Filtering¤
Use filters to keep the variants you want before they become a matrix. Python builds the expression; Rust evaluates it while reading records.
rare_high_quality = (
genoio.region("22:20000000-21000000")
& genoio.qual(min=20)
& genoio.maf(max=0.05)
)
ds = genoio.vcf("data/chr22_hg38.vcf.gz")
samples = ds.samples()
y = load_phenotype_vector(samples["iid"])
for X, variants in ds.iter_blocks(
5_000,
variants=rare_high_quality,
return_variants=True,
):
association_scan(X, y, variants=variants)
Filters compose with Python operators:
genoio.chrom("22") & genoio.snp()
genoio.maf(max=0.01) | genoio.id_in(["rs123", "rs456"])
~genoio.missing_rate(max=0.1)
Cheap filters and genotype filters¤
Some predicates use metadata already stored on the variant record: chromosome,
position, ID, REF/ALT structure, and QUAL. These can remove records before
genotypes are decoded.
Other predicates need the genotype values. maf(...), mac(...),
missing_rate(...), and polymorphic() run after candidate genotypes have been
read.
Put cheap filters first when you can
region("22:20000000-21000000") & qual(min=20) & maf(max=0.05) lets the
reader narrow the candidate set before computing MAF. You don't have to
order expressions perfectly, but filters based on position, ID, allele
structure, and quality are the ones that can avoid genotype work.
Region filters¤
Use a concrete region string with 1-based inclusive coordinates:
region = genoio.region("22:20000000-21000000")
Indexed regions
Compressed VCF/BCF region reads require a .tbi or .csi index. genoio
rejects unindexed compressed region reads instead of silently scanning the
whole file.
BGEN dosage reads use a same-path bgenix SQLite index when one exists. For
cohort.bgen, the expected path is cohort.bgen.bgi. Without that index,
BGEN falls back to a sequential scan.
bgen_ds = genoio.bgen("cohort.bgen")
region = genoio.region("22:20000000-21000000")

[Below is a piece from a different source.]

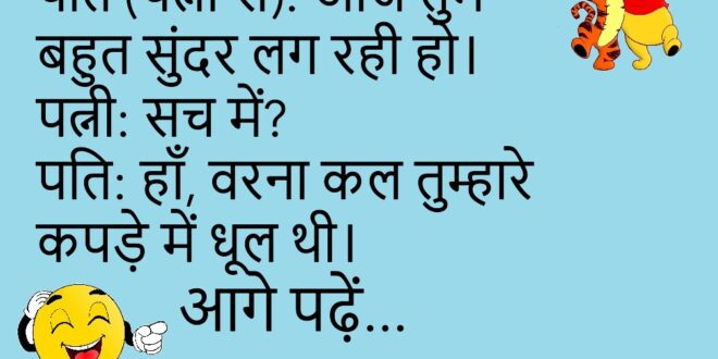 पति: हाँ, वरना कल तुम्हारे कपड़े में धूल थी।😂😂😂
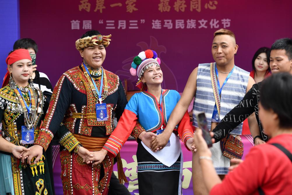 2024年4月11日,台湾同胞在福建省连江县小沧畲族乡举行的首届“三月三”连马民族文化节上表演高山族舞蹈。新华社记者 姜克红 摄

for X, variants in bgen_ds.iter_blocks(
1_000,
dosage="dosage",
variants=region,
return_variants=True,
):
analyze_region(X, variants)
Common predicates¤
genoio.chrom("22")
genoio.region("22:20000000-21000000")
genoio.snp()
genoio.biallelic()
genoio.qual(min=20)
genoio.maf(max=0.05)
genoio.mac(min=10)
genoio.missing_rate(max=0.1)
genoio.polymorphic()
genoio.id_in(["rs123", "rs456"])
Threshold predicates are inclusive. maf(max=0.05) keeps variants with minor
allele frequency less than or equal to 0.05.

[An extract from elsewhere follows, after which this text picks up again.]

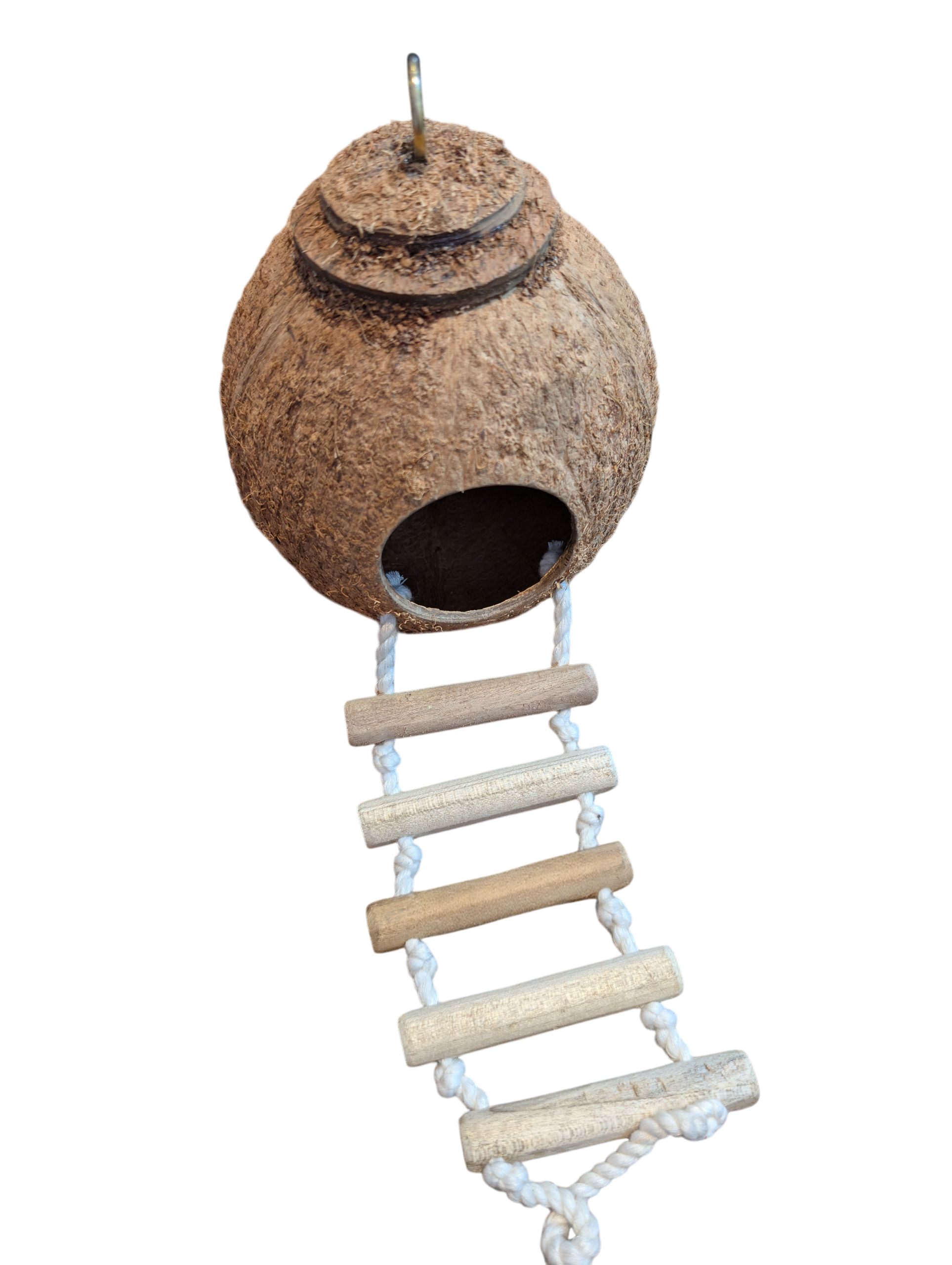 The Coco Shell with Ladder offers a naturalistic hide combined with easy access for your reptile. Crafted from durable coconut shell, it provides a secure shelter that mimics natural habitats, while the attached ladder encourages climbing activity, promoting exercise and environmental enrichment. Ideal for reptiles requiring both shelter and stimulation in their enclosure.

When a filter matches no variants
Empty filters are valid. Whole reads return shape (n_samples, 0), returned
variant metadata has the standard columns with zero rows, and block reads
yield no blocks.
Advanced: filter IR
Filter expressions are converted to a small intermediate representation before they cross into Rust:
expr = genoio.chrom("22") & genoio.maf(max=0.05)
expr.to_ir()
The IR records predicate names, validated parameters, and boolean structure. It does not contain Python callbacks. That keeps filtering portable across whole reads, block reads, and Rust reader implementations.

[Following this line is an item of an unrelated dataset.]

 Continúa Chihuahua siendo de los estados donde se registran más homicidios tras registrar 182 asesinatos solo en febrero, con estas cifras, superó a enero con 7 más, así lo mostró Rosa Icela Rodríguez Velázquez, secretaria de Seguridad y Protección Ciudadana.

Rust uses the IR to separate cheap metadata decisions from data-dependent
genotype decisions. Metadata predicates can be evaluated before matrix
construction, and concrete VCF/BCF or BGEN region predicates can use an
index when one is available. Before reading, Rust also normalizes simple
boolean expressions: overlapping conjoined regions are reduced to their
intersection, repeated threshold predicates are tightened, conjoined id_in
predicates are intersected, and contradictory predicates become an empty
result without scanning variant records.
Treat to_ir() as an inspection aid rather than a stable wire format. Build
filters with the Python constructors so validation stays consistent.
See Filter API for signatures and validation rules.